Anecdotally, Judie Ricks, associate vice president of commercial real estate research at MBA, told CPE that MBA sees bank lenders really working on and thinking carefully about what’s in their portfolios and doing any rebalancing necessary.

“If you look at the FDIC’s data, for example—from their call reports, you can see small increases in charge-offs,” she said, suggesting that’s likely on the bank lending side, where those institutions have sufficient reserves to rebalance and make new loans.

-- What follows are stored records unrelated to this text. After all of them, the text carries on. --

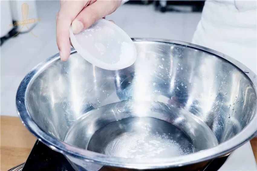 2、制作碱水:在盆中倒入水,再加入烘焙碱,并搅拌均匀,烧开,冷却至常温备用。[碱水危险|请在有防护措施下操作]
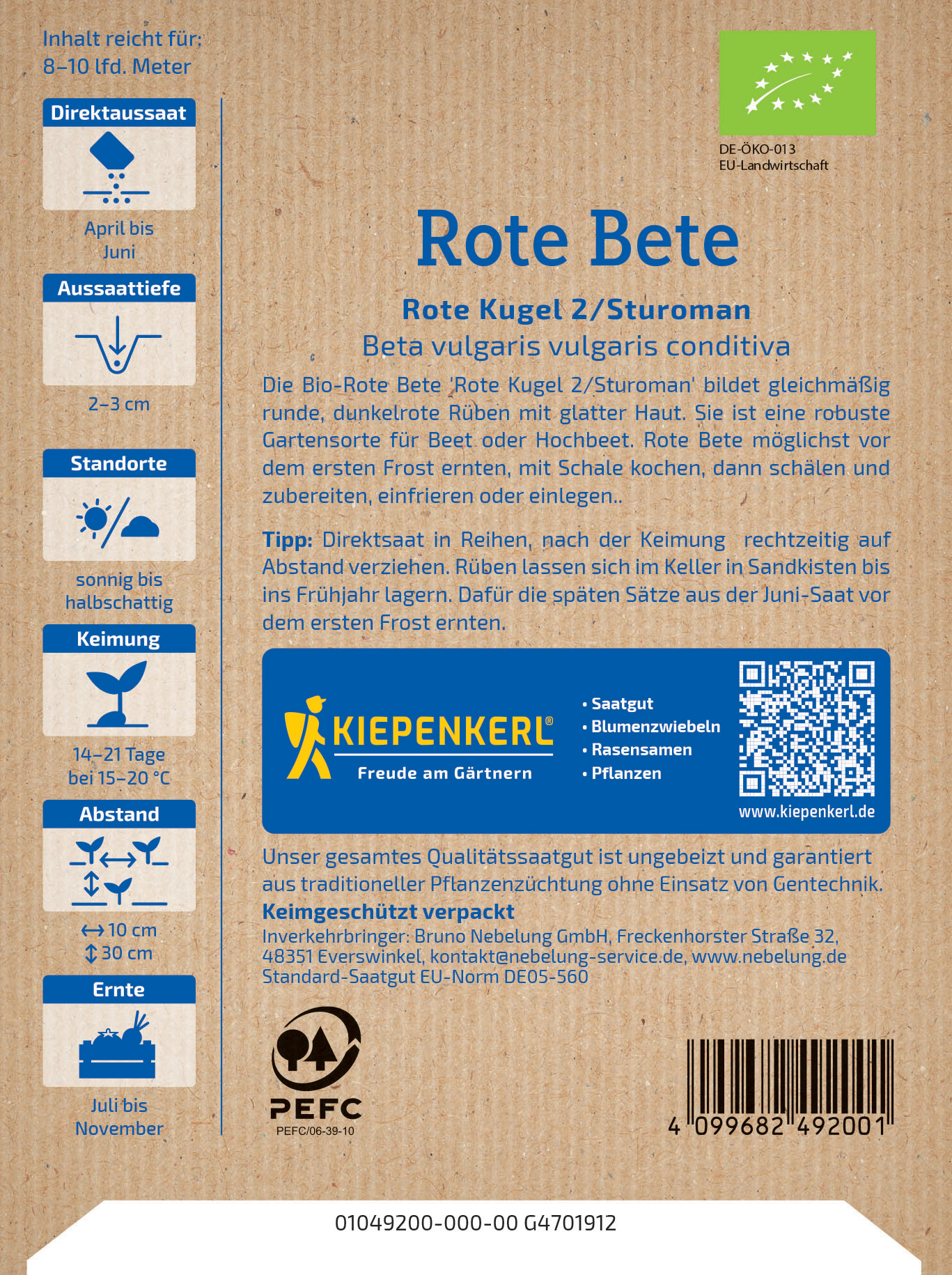 Die BIO-Rote Bete 'Rote Kugel 2/Sturoman' überzeugt mit ihren gleichmäßig runden Formen und einer dunkelroten, glatten Haut. Diese robuste Gartensorte ist sowohl für das Beet als auch für Hochbeete geeignet und zeichnet sich durch eine hervorragende Lagerfähigkeit aus. Nach der Ernte kann sie problemlos in verschiedenen Gerichten verwendet werden, sei es gekocht, gebacken oder frisch. Ihre Vielseitigkeit wird Sie zudem dazu inspirieren, immer wieder neue Rezepte auszuprobieren. Mit der BIO-Rote Bete tragen Sie nicht nur zur Umwelt bei, sondern genießen zugleich die Vorteile eines gesunden Gemüses aus eigenem Anbau. Lassen Sie sich die Freude am Gärtnern und Kochen nicht entgehen! Erleben Sie den köstlichen Genuss der BIO-Rote Bete 'Rote Kugel 2/Sturoman' für Ihre Küche!| Kurzbezeichnung : | BIO Rote Bete Rote Kugel 2/Sturoman |
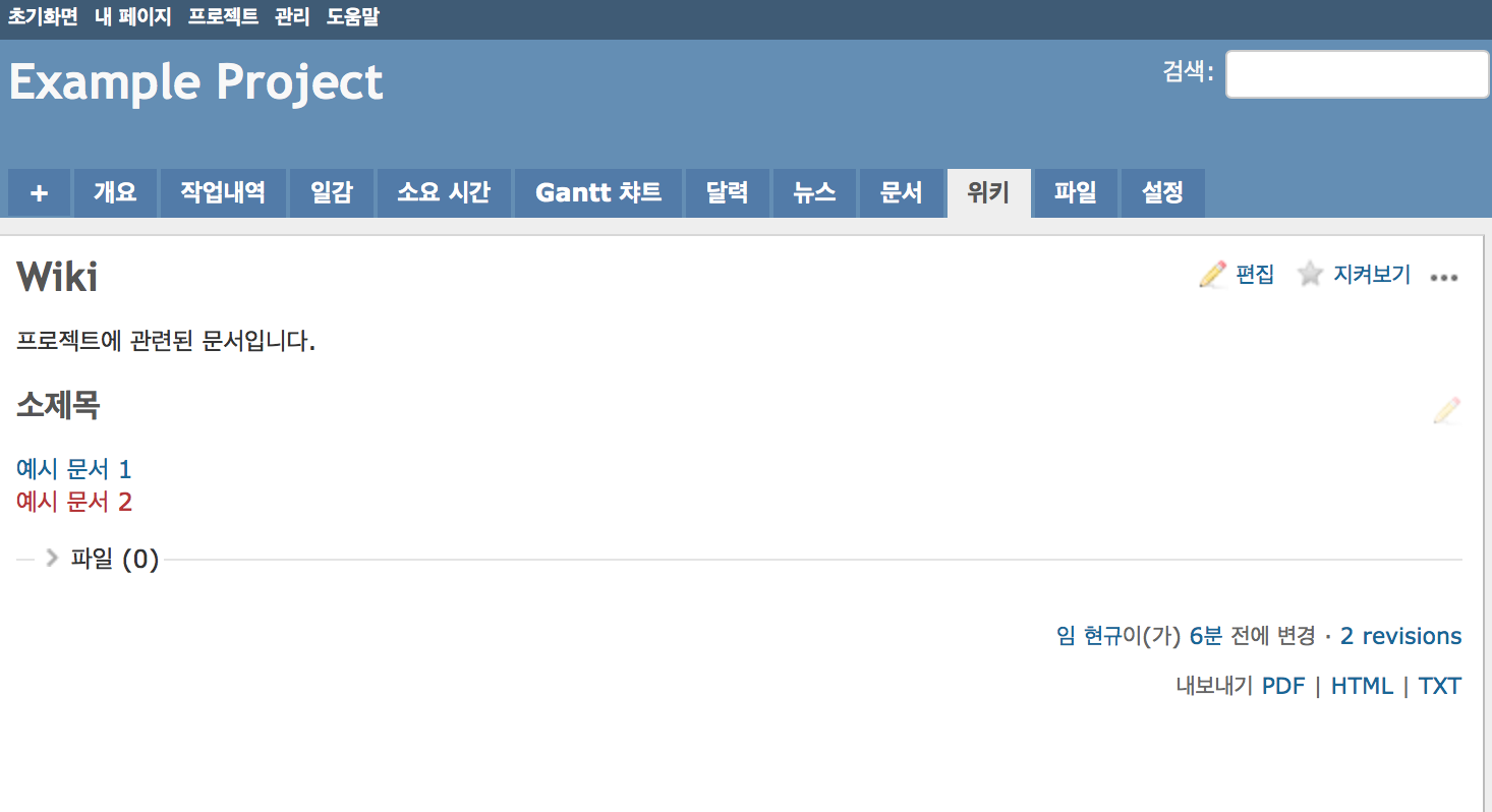 - 프로젝트를 이동한 후 레드마인 상단에 [위키] 버튼을 클릭합니다.

Tighter spreads and lower rates are leading to more loans qualifying, and the continued build-up in maturing loans is forcing some action, said Dillon Freeman, senior commercial loan officer at Fidelity Bancorp Funding, a bridge loan lender: “It feels like the maturity wave is starting to lead to a pickup in activity on the sales and lending side, as those that have kicked the can are forced to come to grips with reality.”

Zachary Streit
Liquidity today is driven by competition between banks, according to Zachary Streit, President & Founder of Priority Capital Advisory.

Streit suggested that the amount of extend-and-pretend is declining because banks are once again in a position of strength after modifying significant portions of their portfolio.

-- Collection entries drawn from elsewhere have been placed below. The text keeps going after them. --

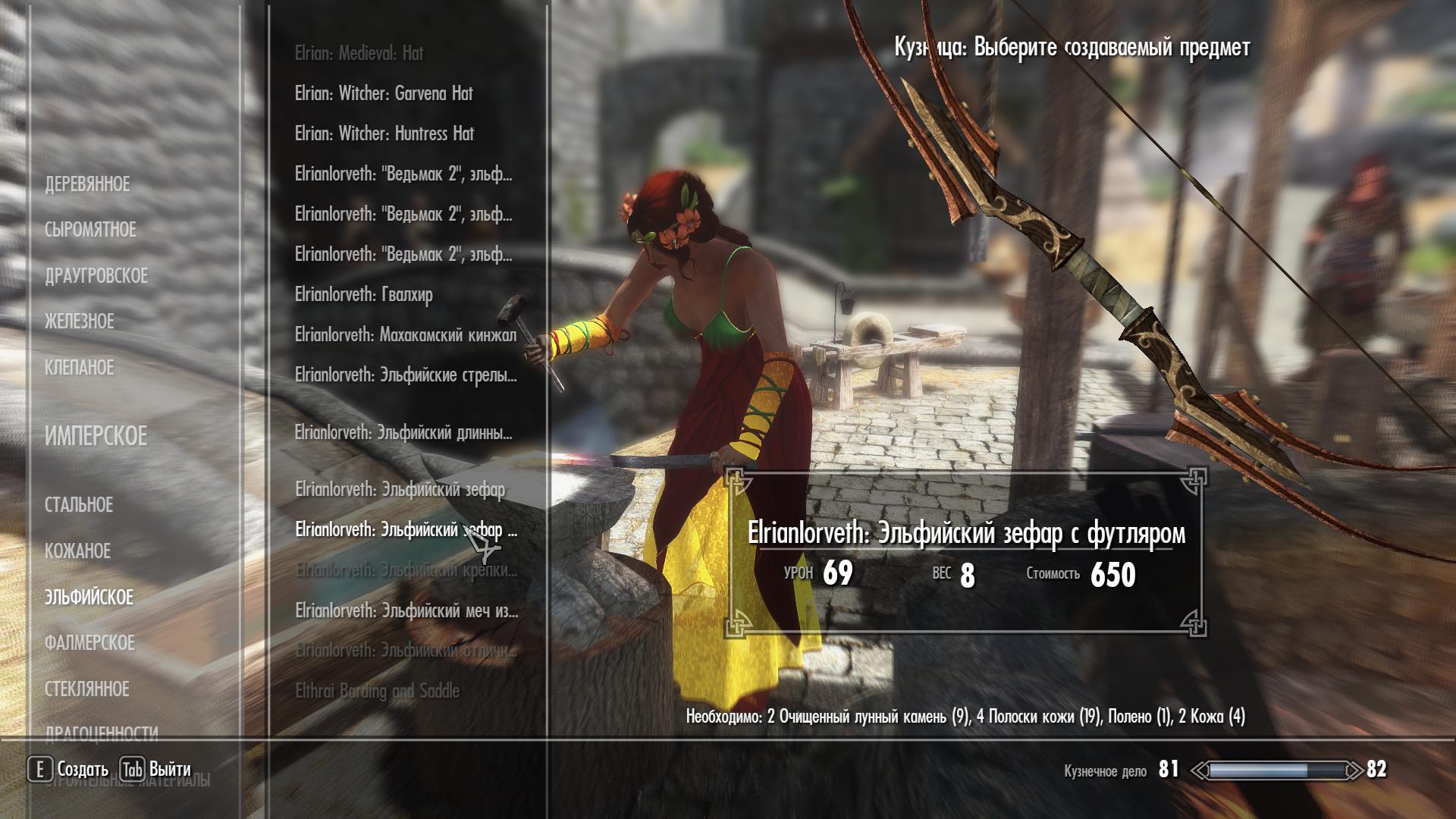 Там же, в кузнице, в разделе "Эльфийское" можно изготовить несколько мечей из Второго Ведьмака, лук Иорвета в 2-ух вариантах(с чехлом и без) и стрелы.
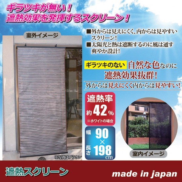 【商品名】遮熱スクリーン(カーテン/サンシェード) 幅90cm×長さ198cm 日本製 ブラウン 〔日焼け防止/遮光効果/紫外線防止〕
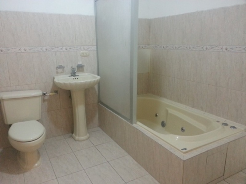 Casa de Dos Plantas en Residencial en Guchipelin de Escazú First floor: Living room, dining room, kitchen with granite countertops, cobbled terrace or patio, laundry room, and guest bathroom. 24/7 private security ($ 50 dollars included). 2 car garage under roof and with electric gate. • Second floor: Master bedroom with walk-in closet and tub, additional bedroom with mesh closet and bathroom with shower • Measure: 180 m2 construction. Small pets are allowed (no grass). The residential has a playground with an area for events, soccer field, orchard and others.
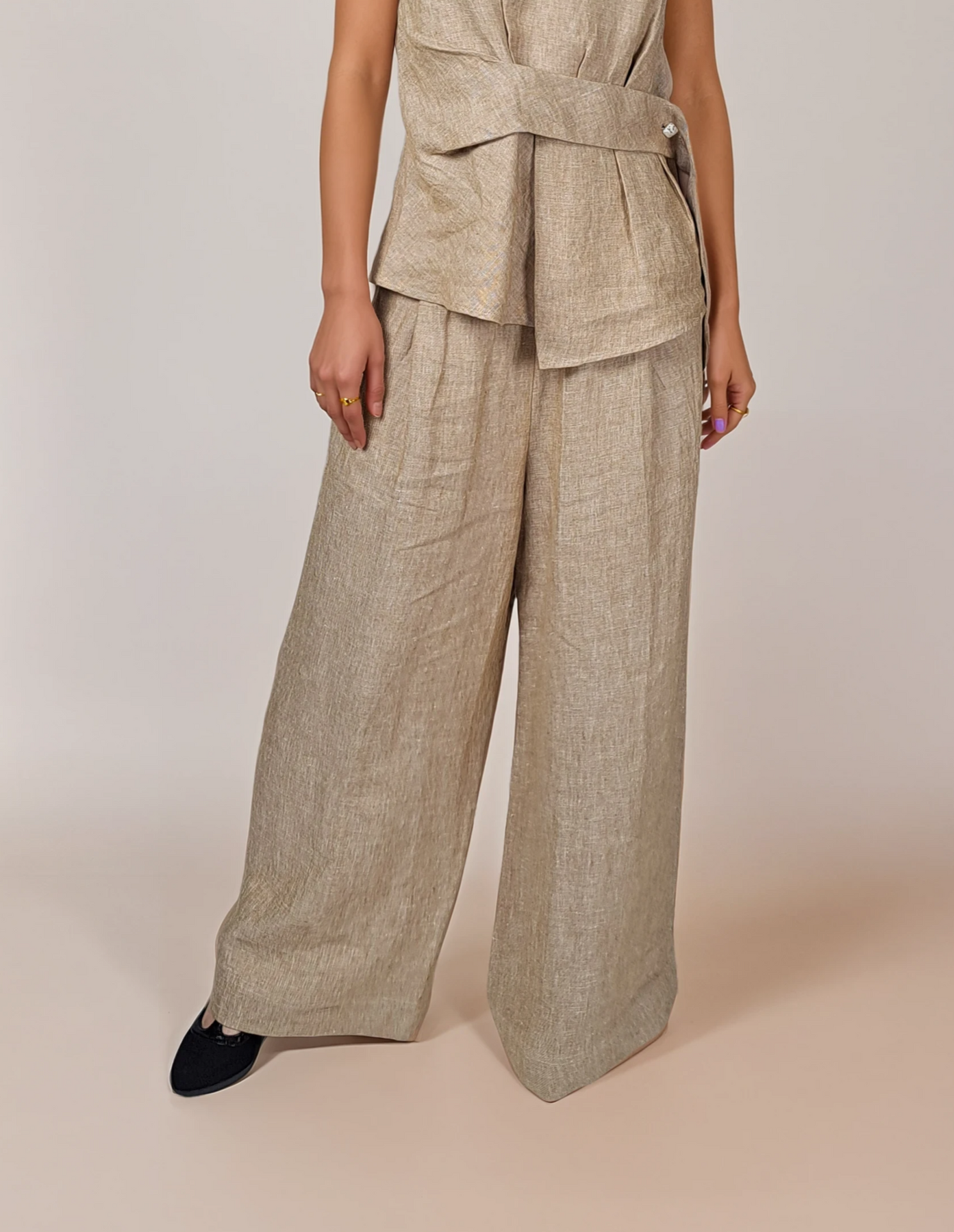 Oplev tidløs elegance med disse kamelgule hørbukser lavet af økologisk bomuld. Designet med en afslappet pasform tilbyder de ubesværet komfort, mens de bevarer en raffineret silhuet. Perfekt til varme dage, det åndbare stof sikrer, at du forbliver kølig uden at gå på kompromis med stilen. Løft din garderobe med disse alsidige bukser, der blander naturlig tekstur og sofistikeret lethed problemfrit.

“Banks are playing offense instead of defense, recycling capital into new deals instead of just managing legacy exposure,” he said, noting that many banks are offering refinancing solutions at competitive rates rather than simply pushing maturities.

Bottom line? The yield curve makes it much harder for banks to continue to extend maturing loans since the cost of funds compared to yields from loan extensions makes this a money-losing proposition for banks, noted Christopher Stanley, senior director, Americas Banking Industry Practice Lead at Moody’s Analytics.

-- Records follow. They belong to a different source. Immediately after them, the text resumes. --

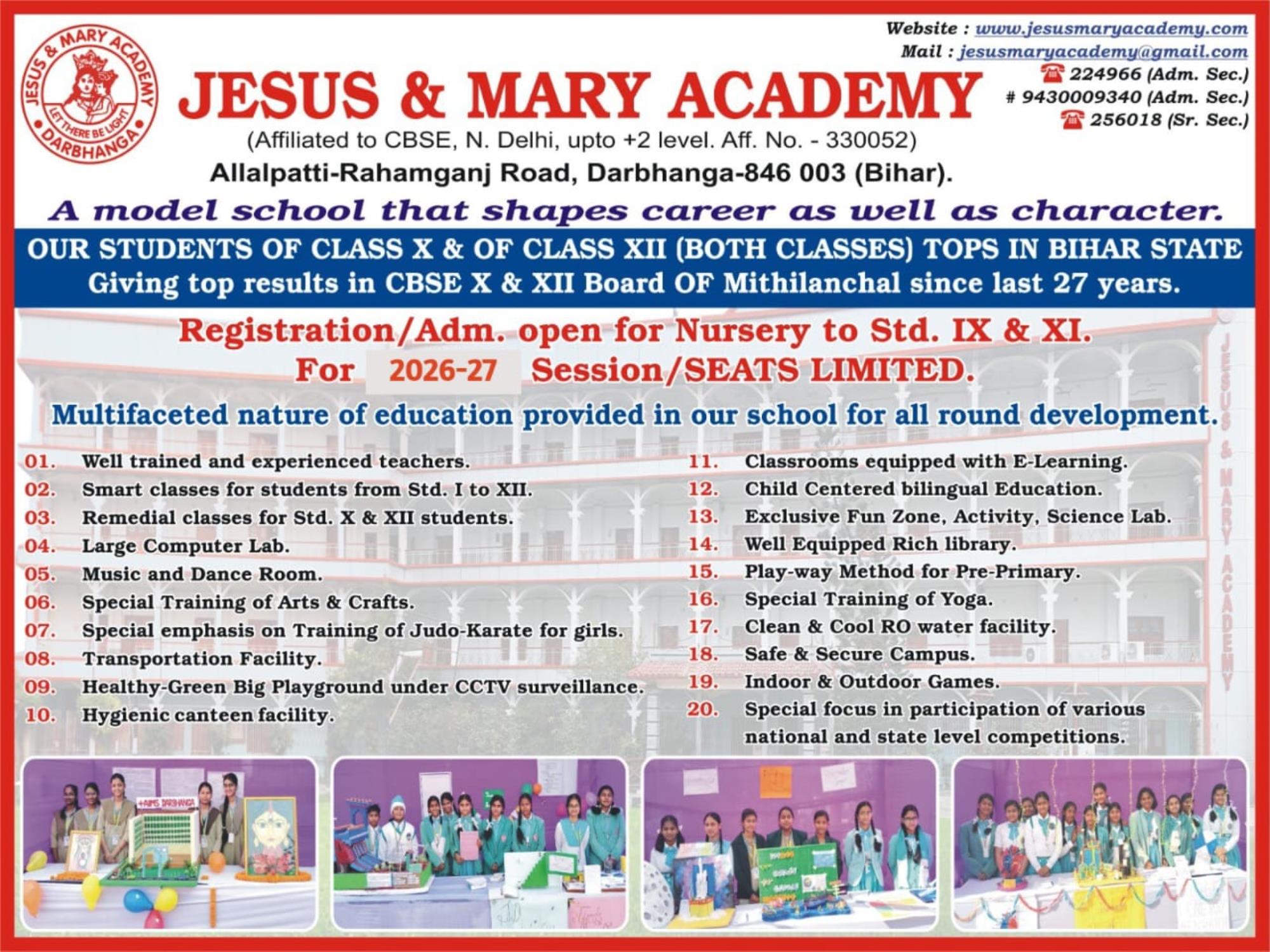 Jesus & Mary Academy which has a place of pride in the world of academics established its first branch at Darbhanga in Bihar in 1996, though the seeds were sown way back in 1993. This institution, sponsored by Govt. registered society (Under Societies Registration Act 21, 1860 Govt. of Bihar) has since been meeting the growing demands for a value based multipurpose English Medium Co-education institution.
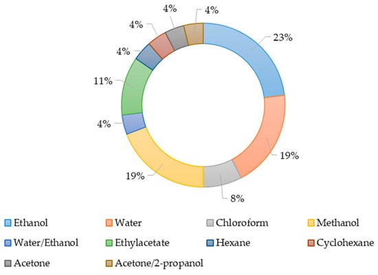 The solvents used to produce the extracts are shown in Figure 2. Ethanol, methanol, and water were most often used as extractants during the study of the antimicrobial activity of extracts. Obviously, the effectiveness of various solvents is related to the chemical nature of the active substance. The presence of active substances in producer biomass depends on their taxonomic affiliation, geographical and seasonal features of growth for wild specimens, or the growing conditions in the laboratory.
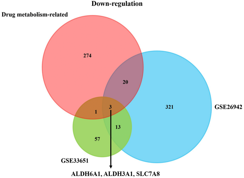 We explored two GC datasets from the GEO database and downloaded the statistics of the two datasets. The p-value < 0.05 was regarded as statistically significant. And the |logFC| was set as: |logFC| ≥ 1.0. The datasets were both divided into two groups: the normal group and gastric cancer group. Then, we could find that there existed 60 up-regulated genes and 357 down-regulated genes in the GSE26942 dataset. Moreover, there existed 630 up-regulated genes and 73 down-regulated genes in the GSE33651 dataset (Supplementary Table 1). Furthermore, the Venn plot (http://bioinformatics.psb.ugent.be/webtools/Venn/) was employed to explore the importance of the drug metabolism-associated genes in gastric cancer. As Figure 1 portrayed, three co-down-regulated genes, including ALDH6A1, ALDH3A1 and SLC7A8, could be important in the development of GC. And we found no co-up-regulated genes between the three datasets (Supplementary Figure 1).

Banks engage “middle man” to fund riskier CRE

While bank lending is in an upward trajectory, experts say the interest rate environment has required a lot of strategy and adjustment in the mix and duration of loans that banks are seeking to make—and that mix continues to evolve.

Increased transparency in reporting rules, for example, has revealed that while banks may limit traditional, direct loans for commercial real estate, they are indirectly funding real estate by lending to private credit funds that, in turn, lend to commercial real estate investors.  

“A lot of these are warehouse loans or flow-type arrangements are with private equity funds,” Stanley noted.

This play enables banks to stay in the real estate lending game while pushing underperforming or what they see as risky commercial real estate loans off their books.

Long-term interest rates are trading in a range roughly based on economic growth plus inflation plus term premium, said Dillon Freeman, Senior Commercial Loan Officer at Fidelity Bancorp Funding.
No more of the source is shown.